== Data ==

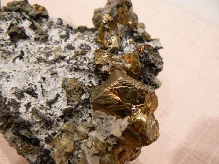 n n n Морфология залежей Cu колчеданных руд определяется в слабо преобразованных месторождениях формой депрессионной структуры, в которой происходило рудоотложение, а в преобразованных — теми последующими изменениями (складчатостью, разрывными деформациями, региональным и контактовым метаморфизмом), которым позднее подверглись рудные тела и вмещающие их породы. Минеральный состав Cu колчеданных руд относительно простой: резко преобладает пирит (90— 95%), в меньших количествах присутствует халькопирит и сфалерит (5— 10%), второстепенными являются борнит, галенит и др. Нерудные в подчиненном количестве представлены кварцем, серицитом, хлоритом, карбонатами. Текстура руд чаще массивная, иногда полосчатая, по краям рудных залежей появляется брекчиевая и вкрапленная. Для руд характерны минеральные парагенезисы, последовательно сменяющие друга: 1) пиритовый; 2) халькопиритовый (или борнит пиритовый); 3) халькопирит сфалерит пиритовый.
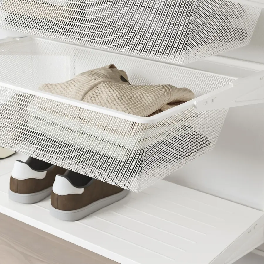 ИКЕА IKEA Вы всегда можете адаптировать или дополнить это решение открытого хранилища по мере необходимости. Может быть, комбинация, которую мы предложили, идеальна для вас, или вы можете легко создать свою собственную. Вы можете выдвинуть сетчатую корзину, чтобы было легче видеть и доставать свои вещи. Вы легко щелкаете внутреннюю часть кронштейна BOAXEL, никаких инструментов не требуется. С планировщиком BOAXEL вы можете легко создать решение, адаптированное для вас, вашего дома и ваших потребностей в хранении. Оригинальная икея/ikea
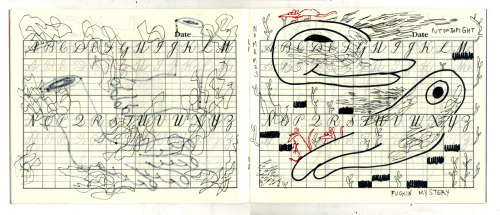 I drew these in Toronto 2013, bottom right page also has some drawings by Keith Jones and Michael DeForge and maybe Edie Fake?
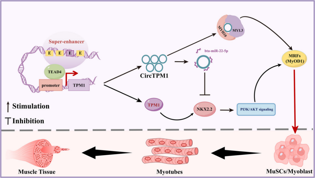 牛肉作為全球公認(rèn)的重要?jiǎng)游锏鞍讈碓矗哂酗@著的經(jīng)濟(jì)價(jià)值,在保障全球糧食安全和消除貧困方面發(fā)揮著關(guān)鍵作用。骨骼肌再生是一個(gè)高度協(xié)調(diào)的過程,依賴于MuSCs的定向分化能力。超級(jí)增強(qiáng)子作為關(guān)鍵的表觀遺傳調(diào)控元件,能夠高效驅(qū)動(dòng)細(xì)胞命運(yùn)決定基因的表達(dá)。本研究通過跨物種(牛、小鼠、人)基因組數(shù)據(jù)分析,首次揭示了TPM1基因超級(jí)增強(qiáng)子(TPM1_SE)在骨骼肌再生中的核心、保守性作用,闡明了其通過整合表觀遺傳調(diào)控與細(xì)胞機(jī)械力學(xué)信號(hào),協(xié)同促進(jìn)肌肉生成的新機(jī)制。該研究不僅深化了對肌肉生成機(jī)制的理解,也為肌肉退行性疾病治療和畜牧業(yè)肉質(zhì)改良提供了新的理論依據(jù)和潛在靶點(diǎn)。
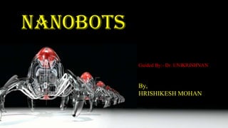 This document summarizes nanobots, which are hypothetical self-propelled nanoscale machines that can perform tasks at the nanoscale. It discusses their potential design based on bacteria flagella, with components like sensors, motors, and power sources. Applications proposed include fighting cancer by targeting and destroying cancer cells, treating blood diseases by regulating white blood cell count, and performing gene therapy by replacing defective genes. While nanobots could revolutionize medicine, concerns exist around potential toxicity, replication getting out of control, and the challenges of accuracy and maintenance at the nanoscale. The document provides references and citations for further information.

===

## What to produce:
Output the span from the line with "牛肉作為全球公認(rèn)的" through the last line of the data, inclusive and exact, and omit every picture.

## Output of the task:
 牛肉作為全球公認(rèn)的重要?jiǎng)游锏鞍讈碓矗哂酗@著的經(jīng)濟(jì)價(jià)值,在保障全球糧食安全和消除貧困方面發(fā)揮著關(guān)鍵作用。骨骼肌再生是一個(gè)高度協(xié)調(diào)的過程,依賴于MuSCs的定向分化能力。超級(jí)增強(qiáng)子作為關(guān)鍵的表觀遺傳調(diào)控元件,能夠高效驅(qū)動(dòng)細(xì)胞命運(yùn)決定基因的表達(dá)。本研究通過跨物種(牛、小鼠、人)基因組數(shù)據(jù)分析,首次揭示了TPM1基因超級(jí)增強(qiáng)子(TPM1_SE)在骨骼肌再生中的核心、保守性作用,闡明了其通過整合表觀遺傳調(diào)控與細(xì)胞機(jī)械力學(xué)信號(hào),協(xié)同促進(jìn)肌肉生成的新機(jī)制。該研究不僅深化了對肌肉生成機(jī)制的理解,也為肌肉退行性疾病治療和畜牧業(yè)肉質(zhì)改良提供了新的理論依據(jù)和潛在靶點(diǎn)。
 This document summarizes nanobots, which are hypothetical self-propelled nanoscale machines that can perform tasks at the nanoscale. It discusses their potential design based on bacteria flagella, with components like sensors, motors, and power sources. Applications proposed include fighting cancer by targeting and destroying cancer cells, treating blood diseases by regulating white blood cell count, and performing gene therapy by replacing defective genes. While nanobots could revolutionize medicine, concerns exist around potential toxicity, replication getting out of control, and the challenges of accuracy and maintenance at the nanoscale. The document provides references and citations for further information.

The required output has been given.